Si tratta di una vera e propria rivoluzione che interessa le politiche culturali del nostro Paese, a lungo dominate da un’ottica protezionista e conservatrice, che ha relegato di fatto i concetti di fruizione e accessibilità ad un ruolo del tutto secondario.

La valorizzazione e la promozione del patrimonio storico e artistico divengono così riconosciute funzioni complementari in vista della produzione dell’esperienza culturale e quindi in vista dell’effettiva soddisfazione del diritto dei cittadini all’accesso a questi beni.

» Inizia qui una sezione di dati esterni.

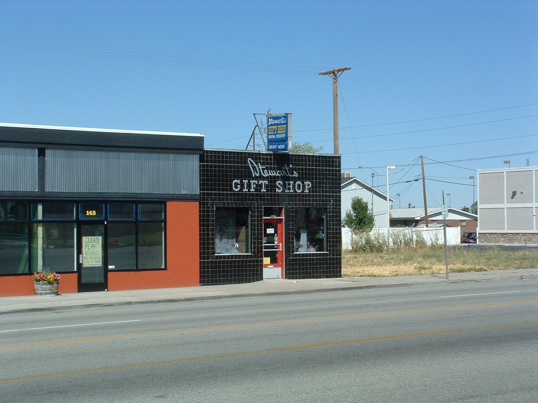 Exterior of Stewart's Gift Shop and Clean Play Video store.Photograph Details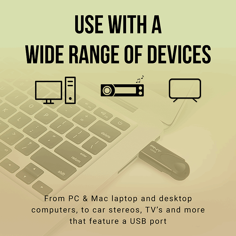 *For Flash Media Devices, 1 megabyte = 1 million bytes; 1 gigabyte = 1 billion bytes. Actual useable capacity may vary. Some of the listed capacity is used for formatting and other functions, and thus is not available for data storage. **Speed is based on PNY standard USB 2.0 (3MB/s) write speed.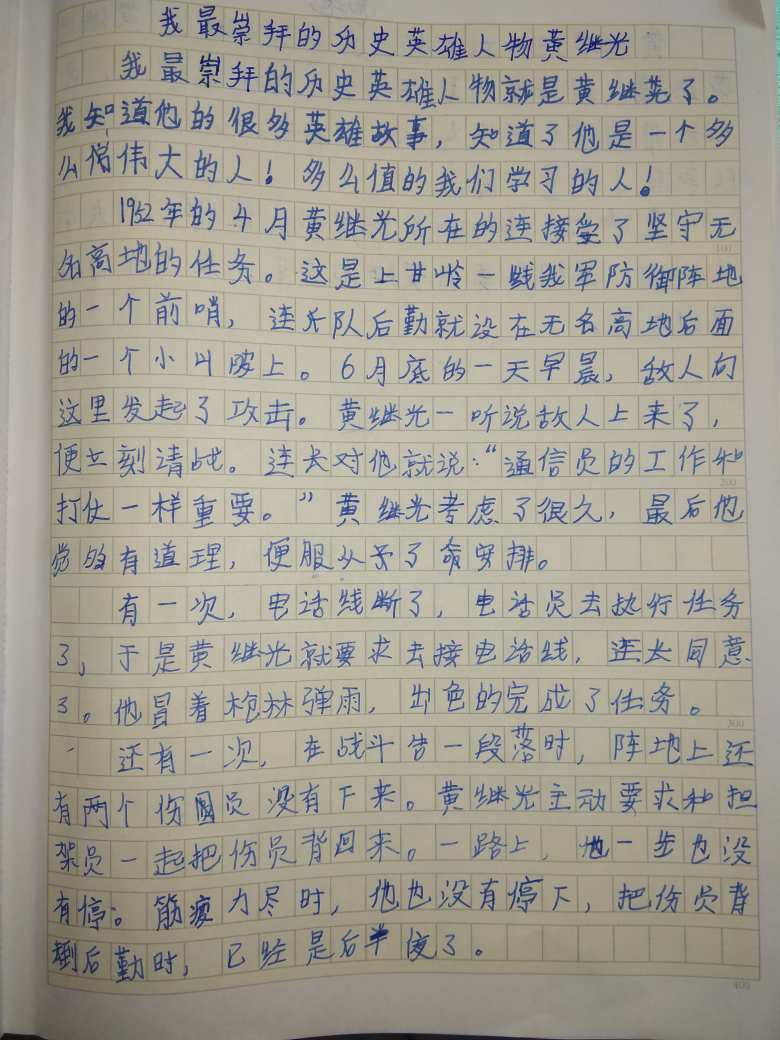 我最崇拜的历史英雄人物黄继光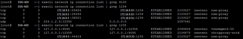 That is very interesting, which service uses TCP/9100? I know some old HP JetDirect printers used to use that port, but nothing for NSX comes to mind. So, off to ports.vmware.com to verify! A quick search within the NSX products shows that there is no match found on TCP port 9100. On a failed ESXi node (A03), there is no service listening on port 9100. However, on the default ports -TCP/1234 and TCP/1235- there are NSX services running for messaging between managers and nodes.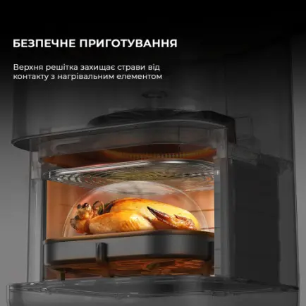 Верхня решітка в MOVA FD10 Pro підвищує безпеку, запобігаючи прямому контакту між їжею та нагрівальним елементом. Така конструкція знижує такі ризики, як пересмажування та розбризкування масла на нагрівальному елементі, сприяючи безпечнішому процесу приготування.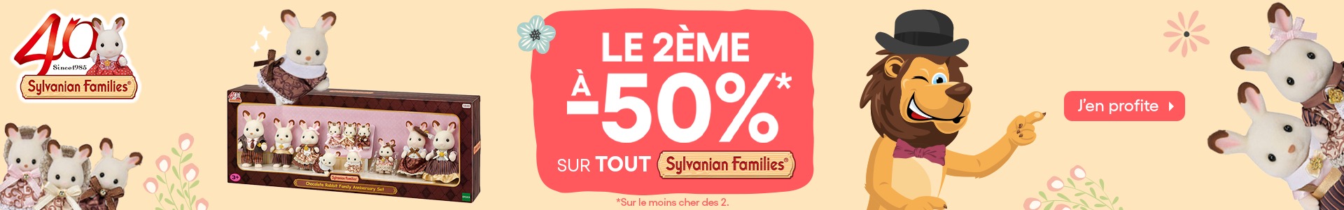 Chez King Jouet nous vous proposons une large de gamme de jouets Sylvanian Families pour permettre à votre enfant de compléter son village. Vous pourrez même trouver des figurines et jouets pas chers grâce à nos promotions sur les Sylvanian.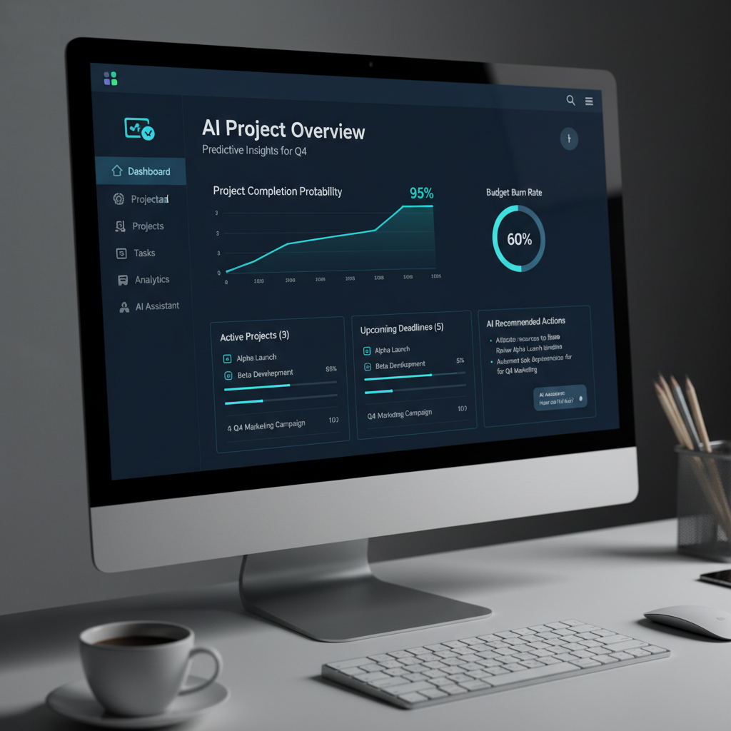 Ekran komputera prezentujący dashboard AI do zarządzania projektami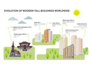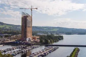 Het hoogste houten gebouw ter wereld is geopend. De Mjøstårnet gelegen in Brumunddal in Noorwegen, heeft 18 verdiepingen en is 85,4 meter hoog. Het gebouw bevat een hotel, appartementen en kantoorruimten.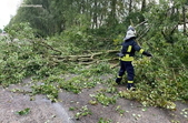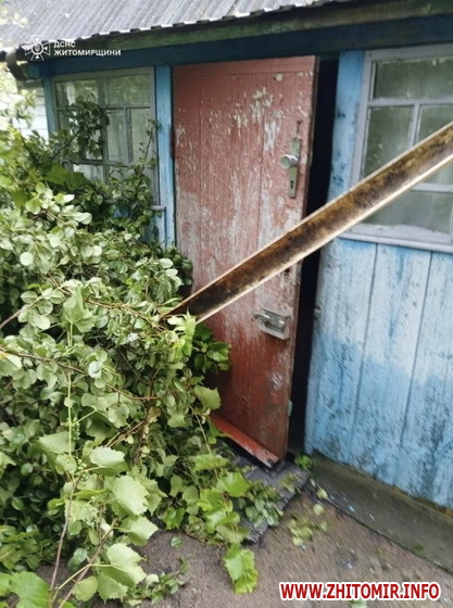 А в селі Турчинка Коростенського району дерево впало на територію приватного домогосподарства та заблокувало вхід до житлового будинку. Рятувальники за допомогою спецінструменту розрізали стовбур та звільнили прохід.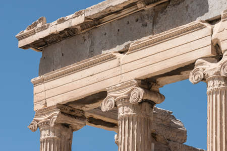 Detail of classical greek architecture, Ionic columns and cornice, Acropolis, Athens
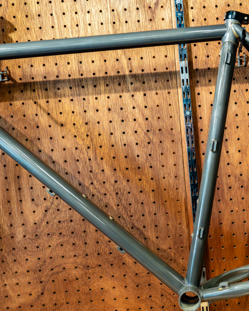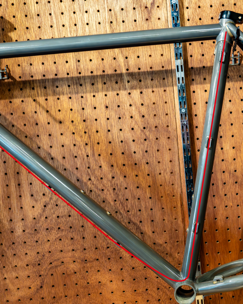 これは例えば、ですが、ドロッパーシートポストの外装式を取り付けるときのルーティンのように、シートチューブにディスクブレーキのアウターレストを溶接、そこからディスクブレーキのワイヤーに合流させるような形が綺麗かな、と思います。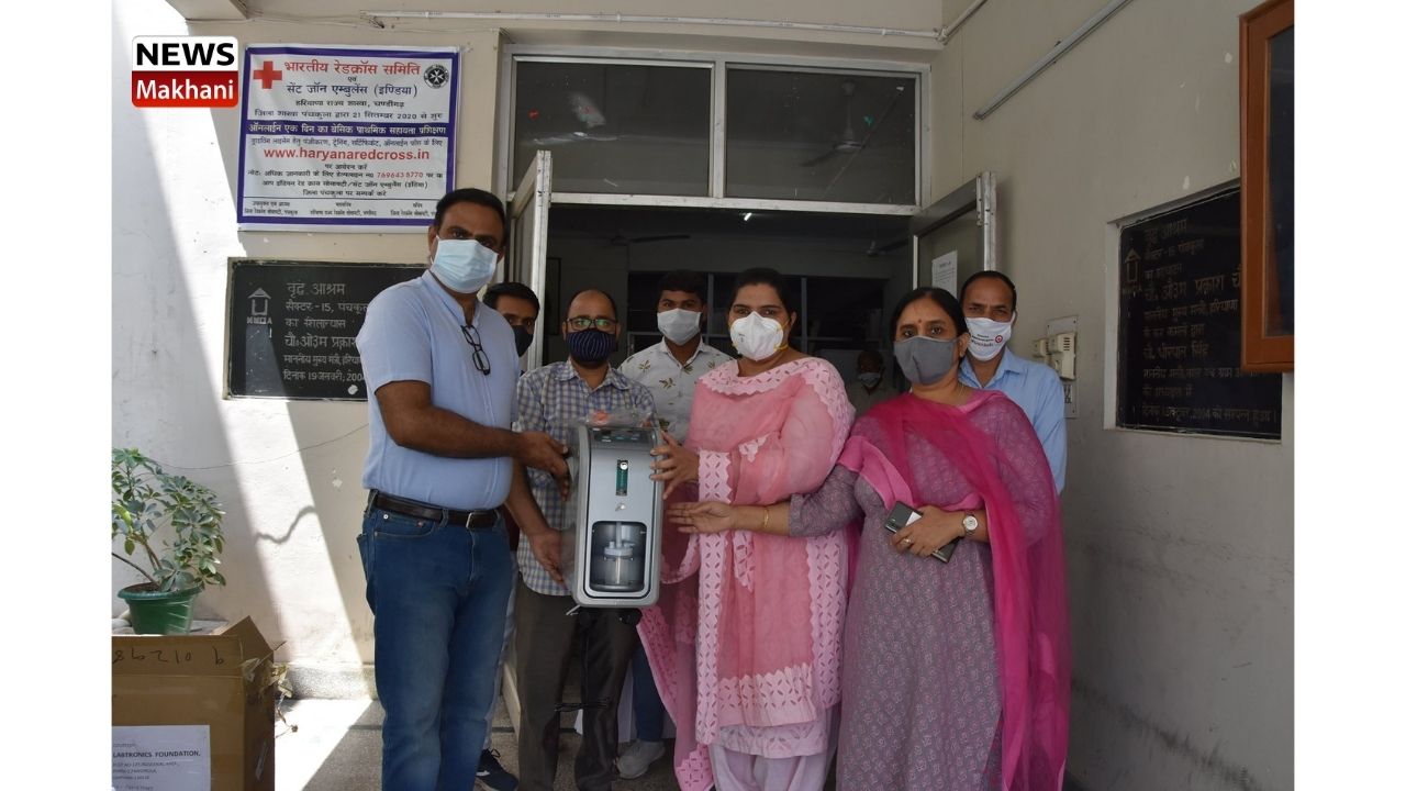 फोटो कैप्शन- 3 से 4 रेडक्राॅस सेक्टर-15 कार्यालय में राकेश सालवन एसडीएम ऋचा राठी व रेडक्राॅस की सचिव सविता अग्रवाल को कोविड-19 रोगियों की मदद के सामान भेंट करते हुये।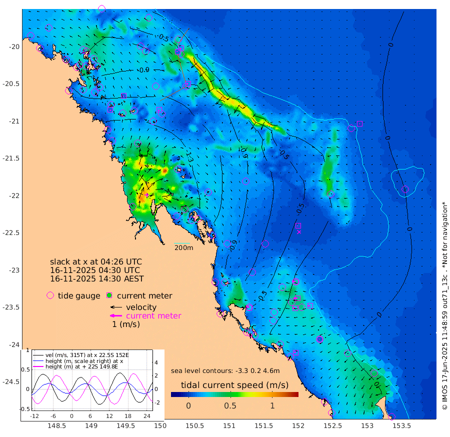 8cm/s 151T +10cm/s rms + 2cm/s 5T. Brampton I 18m 6cm/s -119T +9cm/s rms + 6cm/s 66T. Wigton I 38m 15cm/s -148T +7cm/s rms + 8cm/s 141T. Tern I 47m 15cm/s -118T +7cm/s rms + 12cm/s 54T. N Bugatti Rf 64m 7cm/s -32T +3cm/s rms + 13cm/s 178T. W Bugatti Rf 70m 12cm/s -108T +3cm/s rms + 3cm/s -130T. Creal Rf 69m 30cm/s -70T +7cm/s rms + 4cm/s 2T. North Rf 62m 20cm/s -57T +9cm/s rms + 2cm/s -56T. Cape Capricorn 26m 5cm/s -96T +5cm/s rms + 3cm/s 166T. L Musgrave I 42m 14cm/s -77T +9cm/s rms + 1cm/s -142T. Round Hill Hd 26m 3cm/s -87T +41cm/s rms + 48cm/s 116T. GBRELR 305m 5cm/s -74T +7cm/s rms + 6cm/s 123T. GBRCCH 92m 34cm/s -90T +8cm/s rms + 3cm/s -33T. GBRHIN 45m 25cm/s -90T +4cm/s rms + 2cm/s 41T. GBRHIS 46m 22cm/s -88T +16cm/s rms + 4cm/s -22T. GBROTE 59m -95cm Bell Cay -64cm Holbourne I -141cm Tern I -63cm Bugatti Rf -96cm Creal Rf -42cm White Tip I -30cm North Rf -47cm Rundle I -6cm L Musgrave I -10cm Saumarez Reef -42cm Kennedy Reef -35cm Unnamed Reef No. 2 -59cm Abbot Point -66cm Bowen -82cm Tideway Reef -74cm Hayman Island -105cm Square Reef -89cm Double Bay -74cm Molle Island -87cm Cid Harbour -82cm Hook Island -81cm Border Island -89cm Haslewood Island -94cm Shute Harbour -117cm Thomas Island -123cm Credlin Reef -132cm East Repulse Island -116cm Blacksmith Island -135cm Laguna Quays -134cm Carlisle Island (Off) -158cm St. Bees Island -131cm Scawfell Island -134cm Penrith Island -158cm Mackay Outer Harbour -170cm Hay Point -180cm Prudhoe Island -156cm Middle Island (Percy Isles) -79cm Gannet Cay -3cm Elusive Reef -216cm Mcewin Islet -157cm Mumford Island -166cm Osborn Island -180cm Marquis Island -154cm Reef Point -119cm High Peak Island -109cm Port Clinton -104cm Peaked Island -28cm Karamea Bank -55cm Johnson Patch - NW -78cm Rosslyn Bay -81cm Middle Island (Keppel Isles) -94cm Port Alma -20cm Heron Island -20cm One Tree Islet -29cm Polmaise Reef -28cm Tryon Island -29cm Rock Cod Shoal -43cm Gatcombe Head -61cm Gladstone -50cm South Trees (Storm Surge) -15cm Clews Point -13cm Round Hill Head -2cm Lady Elliot Island 7cm Breaksea Spit -14cm Bundaberg (Burnett Heads) -12cm Elliot Heads 5cm Waddy Point (Fraser Island)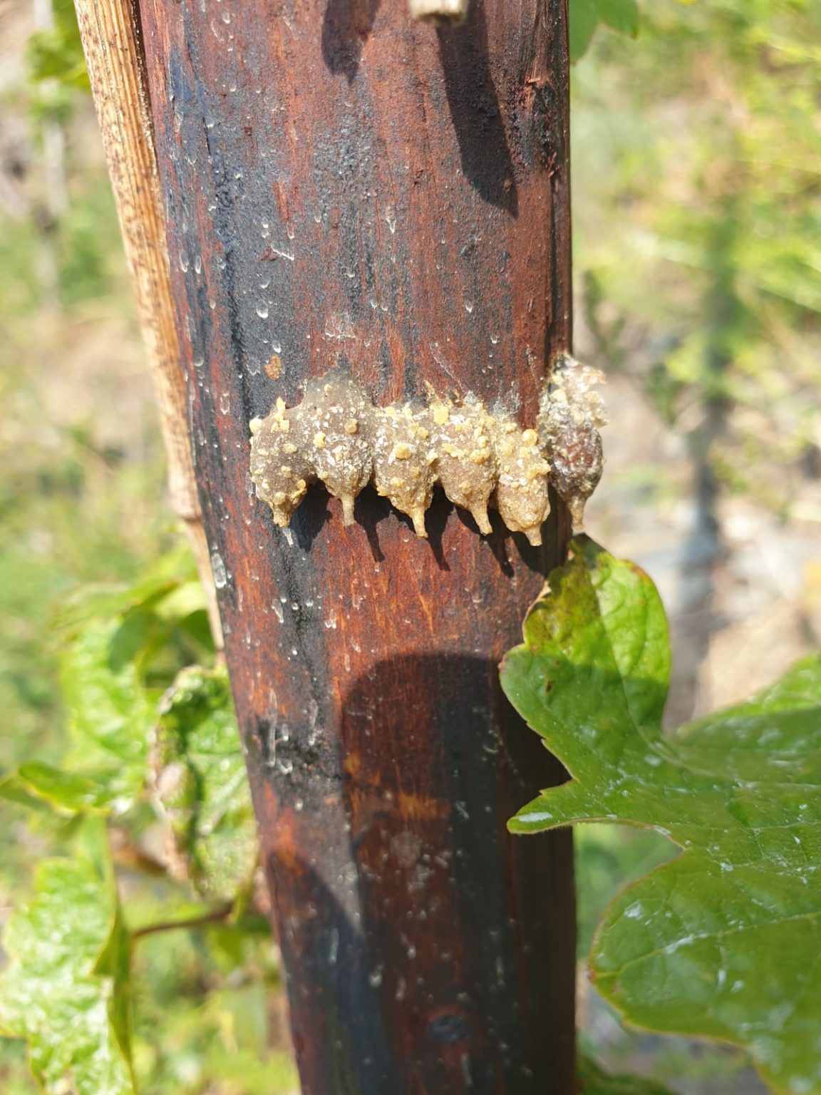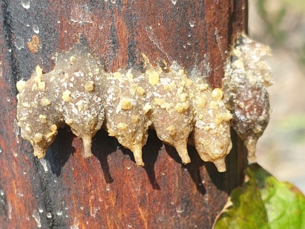 Aus Baumharz erschafft sie tropfenförmige Brutzellen. Hier an einem Pfahl im Steillagenweinberg der Moselregion. Oberhalb der Lage befindet sich ein Kiefernwäldchen. Der perfekte Lebensraum für diese kleine Wildbienenart.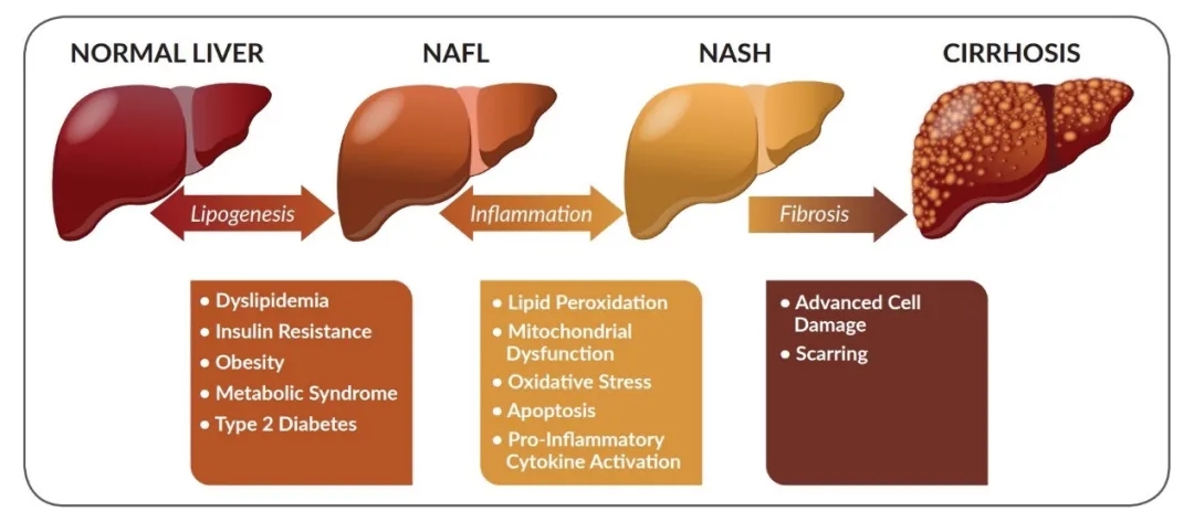 非酒精性脂肪性肝病(NAFLD)是肝细胞中脂肪过度堆积而导致的慢性肝病。随着肥胖及其相关代谢综合征的全球化流行,NAFLD已成为慢性肝病的重要病因,全球范围内NAFLD患者约占总人口的25%,其中15%~25% NAFLD患者发展为NASH,并随着症状的持续,约15% NASH患者进一步发展为肝硬化及肝癌,增加死亡风险。目前中国NASH患者约为4000万人,美国约为1500万人。尽管全球范围内NAFLD/NASH患者数量增长居高不下,但迄今为止NASH领域没有获准上市的治疗药物。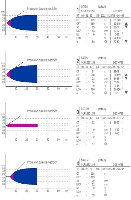 De las 21 mujeres estudiadas, 10 presentaron alguna coagulopatía (47.6%), en cuanto a los tipos de coagulopatías, tres pacientes presentaron déficit de factores de la coagulación, un caso fue de trombocitopenia, cinco casos de hipofibrinogenemia y un caso presentó dos tipos de coagulopatías (hipofibrinogenemia + hiperfibrinólisis), es decir, la coagulopatía más frecuente encontrada fue la hipofibrinogenemia. Estas pacientes presentaron una puntuación de la tromboelastometría rotacional EXTEM A5 menor a 35 mm y FIBTEM menor a 12 mm (Figura 1).

Lo scenario delineato dal legislatore è pertanto quello di una pubblica amministrazione attiva, decentrata ed aperta anche in campo culturale, che non può più limitarsi a salvaguardare l’esistente, ma che deve diventare soggetto promotore di iniziative di diverso genere, volte a favorire l’avvicinamento tra cittadini e beni culturali, facendo leva su ogni possibile mezzo di comunicazione e divulgazione. In linea con la riforma della pubblica amministrazione descritta precedentemente, anche in campo culturale, quindi, al cittadino è riconosciuta una posizione centrale, attorno alla quale prende senso l’operato pubblico. Anche le organizzazioni culturali pubbliche, per assolvere a questi nuovi doveri, dovranno uscire da quella culla di autoreferenzialità che per anni ha caratterizzato il loro agire in campo di tutela e conservazione dei beni culturali, per dare vita a flussi comunicativi, che andranno a configurarsi come delle specificità all’interno del più ampio ambito della comunicazione pubblica.

È il Comune l’ente locale su cui gravano le maggiori responsabilità in campo culturale, soprattutto in merito al compito di favorire un avvicinamento reale tra patrimonio artistico e cittadini, incentivando la fruizione di quell’immenso complesso di beni culturali che contraddistingue il nostro Paese. Da un punto di vista giuridico, infatti, la riforma Bassanini assegna al Comune, in quanto ente più vicino al cittadino/utente, primarie competenze nel campo della gestione, della promozione e della valorizzazione dei beni culturali, e il decreto legislativo n. 267 del 18 agosto 2001 lo riconosce come il soggetto che “rappresenta la propria comunità, ne cura gli interessi e ne promuove lo

sviluppo”. Del resto secondo la “Carta del rischio” del patrimonio culturale, circa

l’80% degli 8100 comuni italiani possiede almeno un bene di notevole interesse artistico e oltre la metà dei beni di maggior rilievo si trova in comuni che hanno meno di 15 mila abitanti164.